Revenue Growth in Several Key Promoted Products, Lower SG&A and Interest Expenses, Drive Growth in Cash Net Income

DUBLIN, Ireland, February 24, 2012 – Warner Chilcott plc (NASDAQ: WCRX) today announced its results for the quarter and year ended December 31, 2011. Our results of operations in the quarter ended December 31, 2011 as compared to the prior year quarter were impacted by several important transactions. In 2011, these transactions included the refinancing of our senior secured indebtedness and the restructuring of certain of our Western European operations. In the prior year quarter, we acquired Novartis Pharmaceuticals Corporation’s (“Novartis”) U.S. rights to ENABLEX in October 2010 (the “ENABLEX Acquisition”).

Total revenue in the quarter ended December 31, 2011 was $646 million, a decrease of $48 million, or 7%, compared to the quarter ended December 31, 2010. The decrease in revenues as compared to the prior year quarter was driven in large part by the expected decrease in total ACTONEL revenues, primarily due to the loss of exclusivity in Western Europe beginning in the fourth quarter of 2010. The decrease was offset, in part, by net sales growth in certain other products, primarily LO LOESTRIN FE, DORYX, ATELVIA, ESTRACE Cream and ASACOL. Combined, net sales of these products increased $50 million, or 20%, compared to the prior year quarter.

We reported GAAP net income of $90 million, or $0.36 per diluted share, in the quarter ended December 31, 2011, compared with GAAP net income of $15 million, or $0.06 per diluted share, in the prior year quarter. Cash net income (or CNI, as defined below) in the quarter ended December 31, 2011 was $241 million, an increase of $36 million, or 17%, compared to the prior year quarter.

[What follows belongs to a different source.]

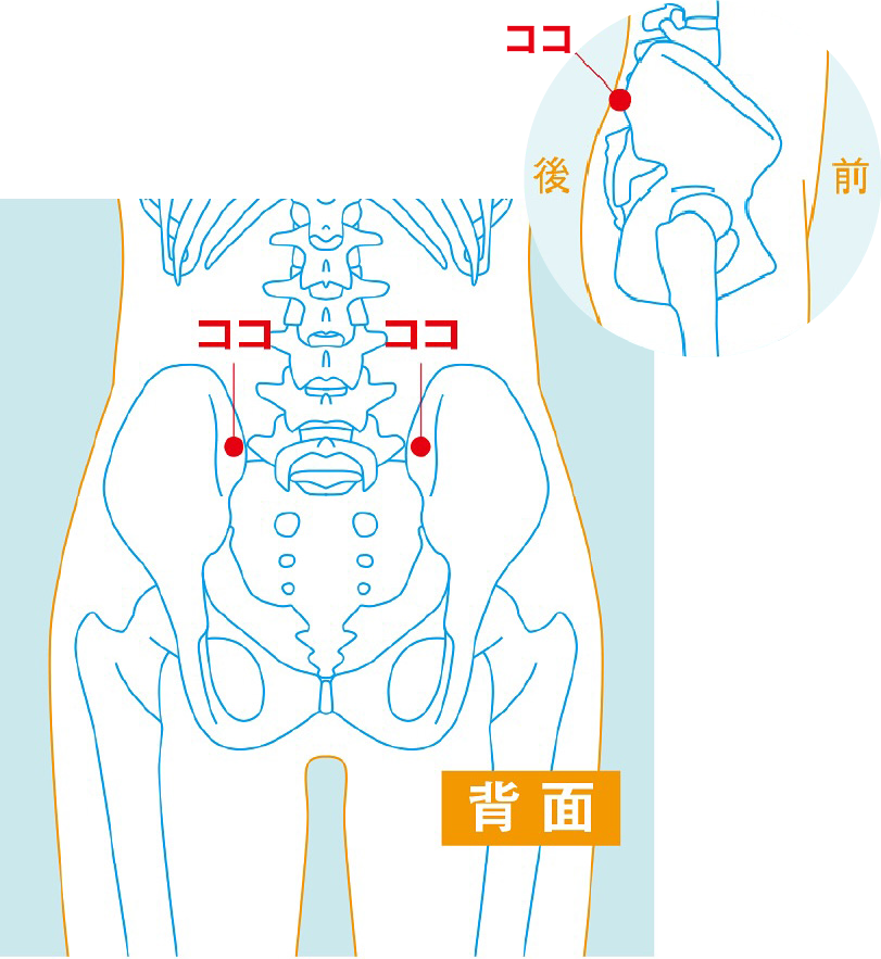 上後腸骨棘は、お尻の反り終わり辺りにコリッと出ている2つの骨

References in this press release to “cash net income” or “CNI” mean our net income adjusted for the after-tax effects of two non-cash items: amortization (including impairments, if any) of intangible assets and amortization (including write-offs, if any) of deferred loan costs related to our debt. Adjusted CNI represents CNI as further adjusted to exclude certain after-tax impacts from the Western European restructuring, the repurposing of our Manati facility, our acquisition of the global branded prescription pharmaceuticals business (“PGP”) from The Procter & Gamble Company (“P&G”) in October 2009 (the “PGP Acquisition”), our termination of our exclusive license to distribute LEO Pharma A/S’s (“LEO”) DOVONEX, TACLONEX and pipeline dermatology products in the U.S. and sale of certain related assets to LEO for $1,000 million in cash in September 2009 (the “LEO Transaction”) and the reversal of a contingent liability relating to the termination of a contract. Reconciliations from our reported results in accordance with Generally Accepted Accounting Principles in the U.S. (“GAAP”) to CNI, adjusted CNI and adjusted earnings before interest, taxes, depreciation and amortization (“Adjusted EBITDA”) for all periods presented are included in the tables at the end of this press release.

Strategic Initiatives

Western European Restructuring and Repurposing of the Manati Facility

In April 2011, we announced a plan to restructure our operations to move to a wholesale distribution model and minimize our operational costs in Belgium, the Netherlands, France, Germany, Italy, Spain, Switzerland and the United Kingdom. The implementation of the restructuring plan impacts approximately 500 employees in total and we expect to complete the restructuring as planned in 2012. In April 2011, we also announced a plan to repurpose our Manati facility, which now serves primarily as a warehouse and distribution center.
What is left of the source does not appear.